Task requirements: Two lines in the listing below mark the span: one contains "Betsy is a stately" and one contains "Fires, Hotels, Motor". Reproduce both of them and everything between, exactly.

Given data:

=== Section Start ===

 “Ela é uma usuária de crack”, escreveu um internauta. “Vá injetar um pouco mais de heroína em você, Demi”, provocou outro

=== Section End ===
=== Section Start ===

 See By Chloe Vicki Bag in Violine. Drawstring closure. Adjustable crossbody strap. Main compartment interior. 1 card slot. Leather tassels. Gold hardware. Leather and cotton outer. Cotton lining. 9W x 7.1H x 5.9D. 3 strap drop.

=== Section End ===
=== Section Start ===

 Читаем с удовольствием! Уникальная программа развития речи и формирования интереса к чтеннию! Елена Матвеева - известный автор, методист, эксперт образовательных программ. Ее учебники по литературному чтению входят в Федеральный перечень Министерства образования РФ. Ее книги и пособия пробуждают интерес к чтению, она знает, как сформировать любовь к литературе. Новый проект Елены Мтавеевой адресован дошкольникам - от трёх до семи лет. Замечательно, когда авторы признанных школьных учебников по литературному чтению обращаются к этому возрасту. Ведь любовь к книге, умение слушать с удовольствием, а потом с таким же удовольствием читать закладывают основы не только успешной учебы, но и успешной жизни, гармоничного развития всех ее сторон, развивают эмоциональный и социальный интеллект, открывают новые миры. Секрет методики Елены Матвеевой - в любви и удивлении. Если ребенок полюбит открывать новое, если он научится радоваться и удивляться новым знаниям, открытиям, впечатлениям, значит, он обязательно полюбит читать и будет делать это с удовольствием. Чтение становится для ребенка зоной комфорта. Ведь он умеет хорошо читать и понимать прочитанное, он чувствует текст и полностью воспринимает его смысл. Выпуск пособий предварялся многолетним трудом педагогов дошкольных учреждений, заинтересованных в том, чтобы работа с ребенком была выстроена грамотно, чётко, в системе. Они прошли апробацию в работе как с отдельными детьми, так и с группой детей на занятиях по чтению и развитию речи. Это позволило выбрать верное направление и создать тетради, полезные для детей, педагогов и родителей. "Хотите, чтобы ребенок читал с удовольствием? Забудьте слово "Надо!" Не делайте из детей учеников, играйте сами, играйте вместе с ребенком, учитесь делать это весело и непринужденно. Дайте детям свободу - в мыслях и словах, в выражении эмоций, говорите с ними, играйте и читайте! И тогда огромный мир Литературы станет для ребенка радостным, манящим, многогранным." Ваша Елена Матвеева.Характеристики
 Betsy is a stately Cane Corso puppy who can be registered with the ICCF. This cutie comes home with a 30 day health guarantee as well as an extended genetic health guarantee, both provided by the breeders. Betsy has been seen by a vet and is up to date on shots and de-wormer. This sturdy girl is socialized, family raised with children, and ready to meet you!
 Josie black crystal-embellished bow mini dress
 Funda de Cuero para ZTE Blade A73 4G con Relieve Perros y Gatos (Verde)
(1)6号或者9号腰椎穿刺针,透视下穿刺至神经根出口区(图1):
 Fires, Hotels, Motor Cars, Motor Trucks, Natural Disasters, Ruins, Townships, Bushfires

=== Section End ===

Exercise answer:
 Betsy is a stately Cane Corso puppy who can be registered with the ICCF. This cutie comes home with a 30 day health guarantee as well as an extended genetic health guarantee, both provided by the breeders. Betsy has been seen by a vet and is up to date on shots and de-wormer. This sturdy girl is socialized, family raised with children, and ready to meet you!
 Josie black crystal-embellished bow mini dress
 Funda de Cuero para ZTE Blade A73 4G con Relieve Perros y Gatos (Verde)
(1)6号或者9号腰椎穿刺针,透视下穿刺至神经根出口区(图1):
 Fires, Hotels, Motor Cars, Motor Trucks, Natural Disasters, Ruins, Townships, Bushfires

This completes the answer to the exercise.